Gooseneck Barnacles - Gastro Obscura

Meats & Animal Products

Gooseneck Barnacles

These expensive and dangerous-to-harvest barnacles were once confused for goose eggs.

That’s no dinosaur toe; it’s a gooseneck barnacle! This crustacean has a long neck that is arguably more delicious than actual goose neck, but the name stems from the notion that these bizarre creatures are goose eggs. Unable to observe certain geese’s far-away breeding grounds, medieval naturalists in Europe believed that when goslings were ready to hatch, these barnacles would fall from their rocky perches and—voilà—fully formed goslings rose from the sea.

Europeans call the barnacles percebes, and in Spain and Portugal, they fetch a pretty penny.
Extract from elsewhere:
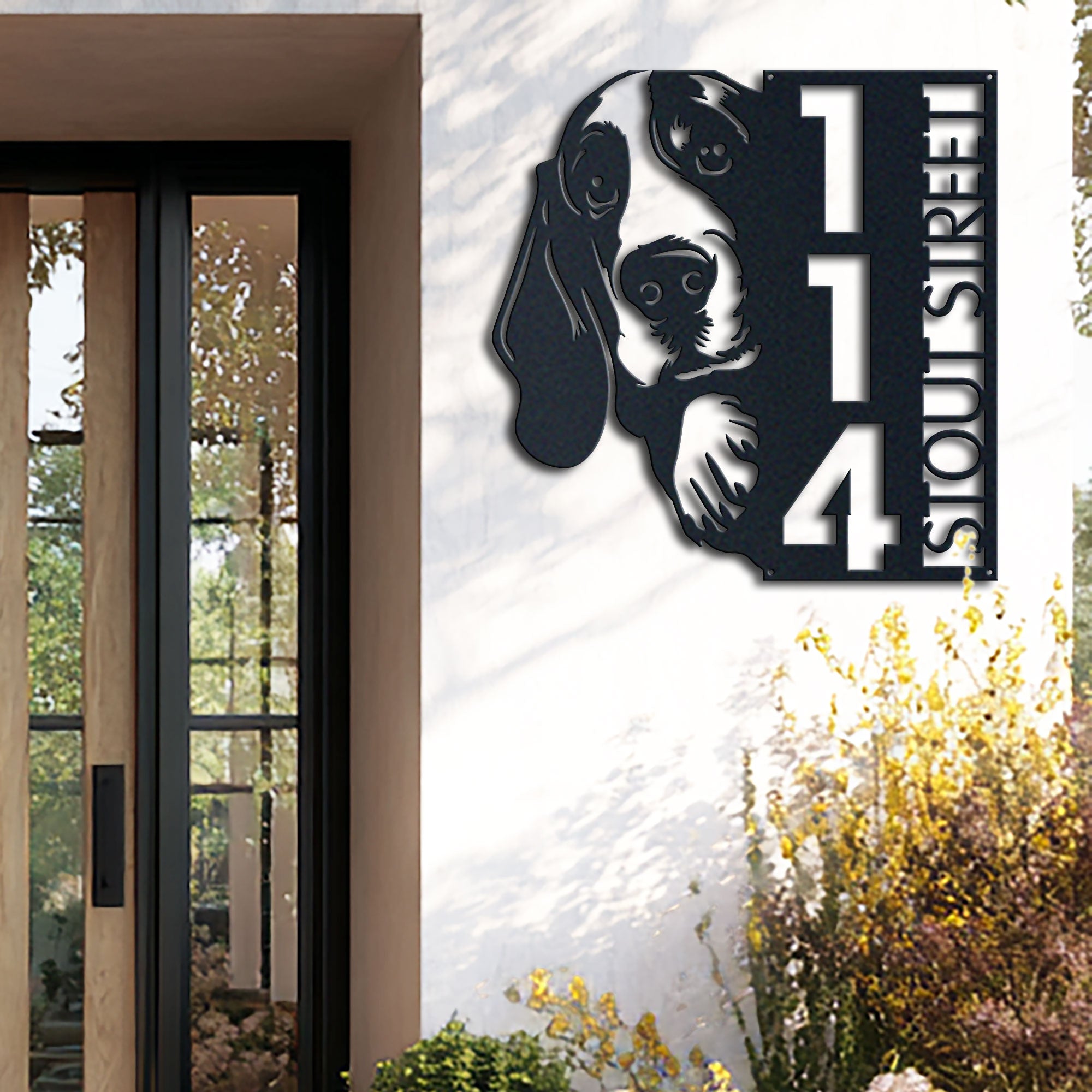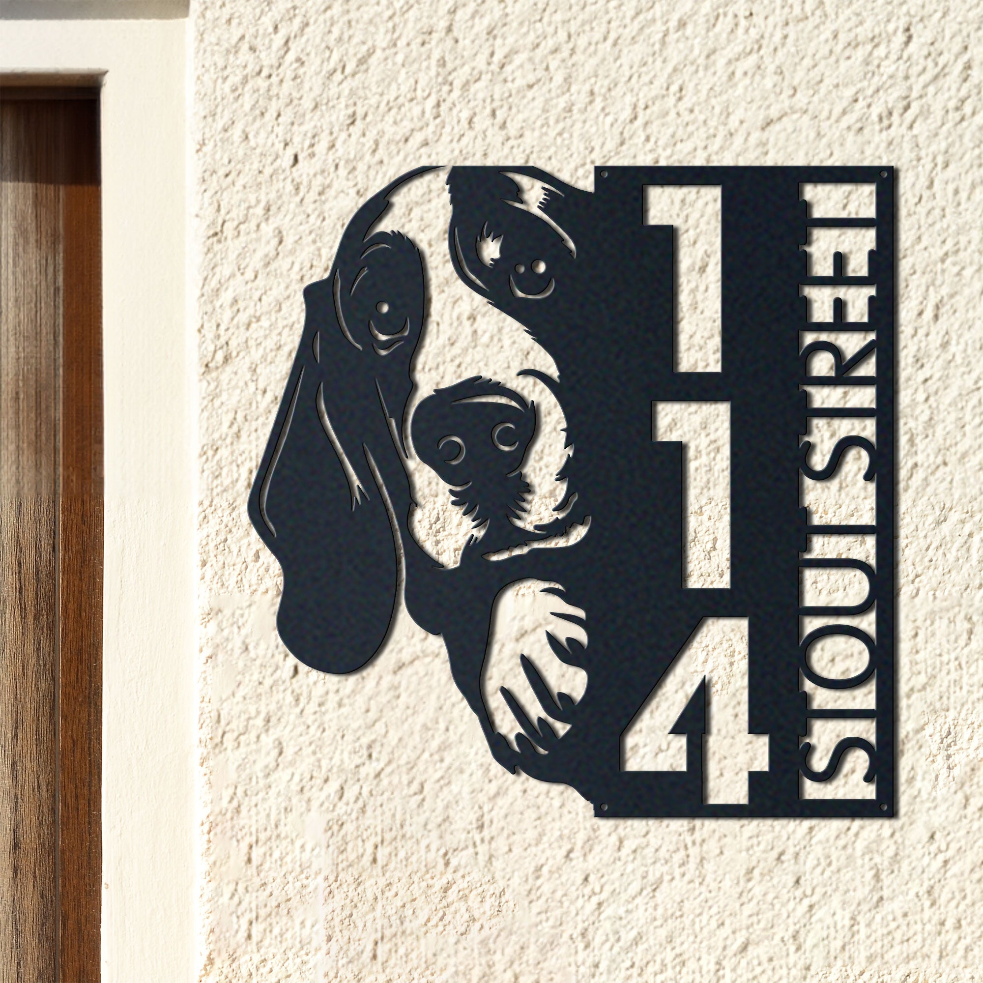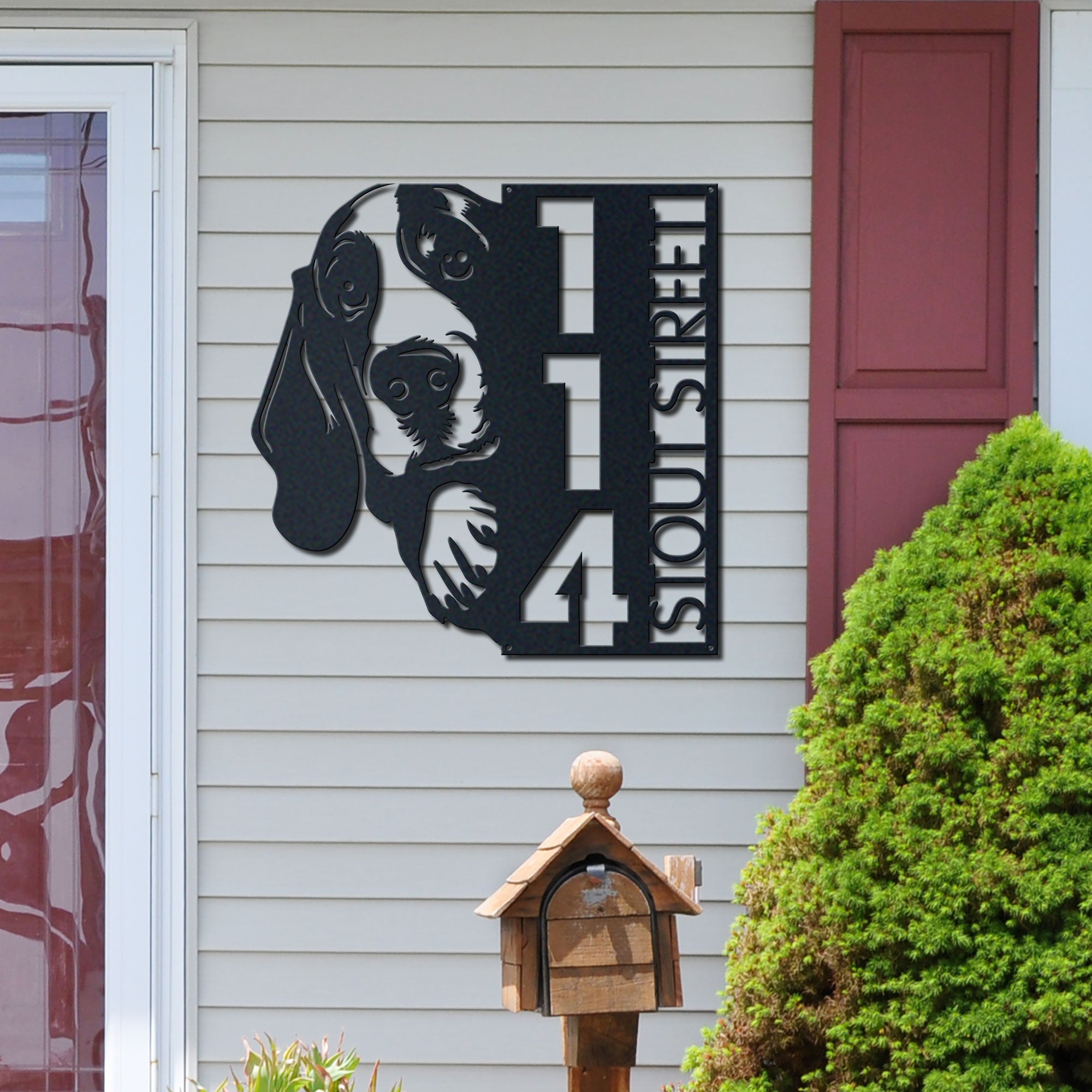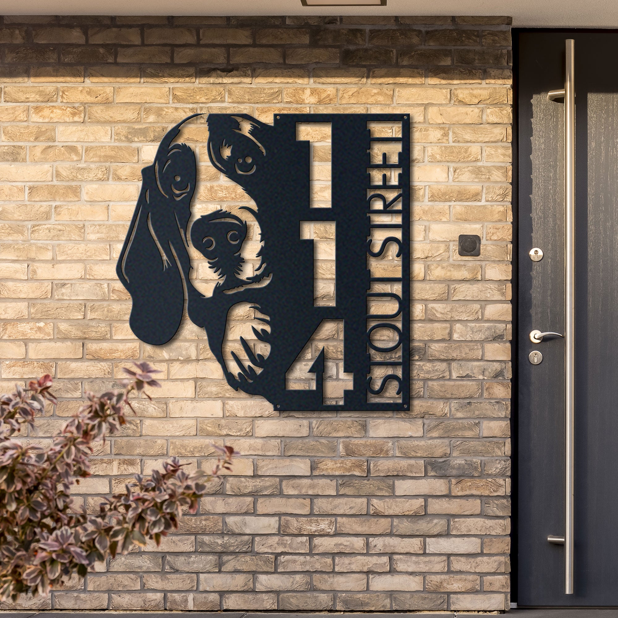 Basset Hound Address Sign | Custom Metal Vertical House Number Plaque | Pet Owner Gift 2

Combined with a lack of economic opportunities, this lures fishermen in Galicia, Spain, to Costa de la Muerte—the Coast of Death. As the name suggests, multiple sea-battered men have died among rough waves and strong tides while prying these prized morsels from beneath the water line.

Connoisseurs regard gooseneck barnacles as such a delicacy that the price—up to 100 euros per plate, and the occasional human life—is worth the risk. Diners grasp freshly steamed barnacles by their shelled foot and dip them in bowls of hot, melted butter. They taste like sweet lobster and have the characteristic chew of bivalves. 

To eat a percebe, grasp the shell, tear off the skin encasing its neck, and be aware that you’re sitting in a splash zone. Each time you remove a gooseneck barnacle’s casing, expect a spurt of brine. If you find a baby goose inside, then the medieval naturalists were onto something after all.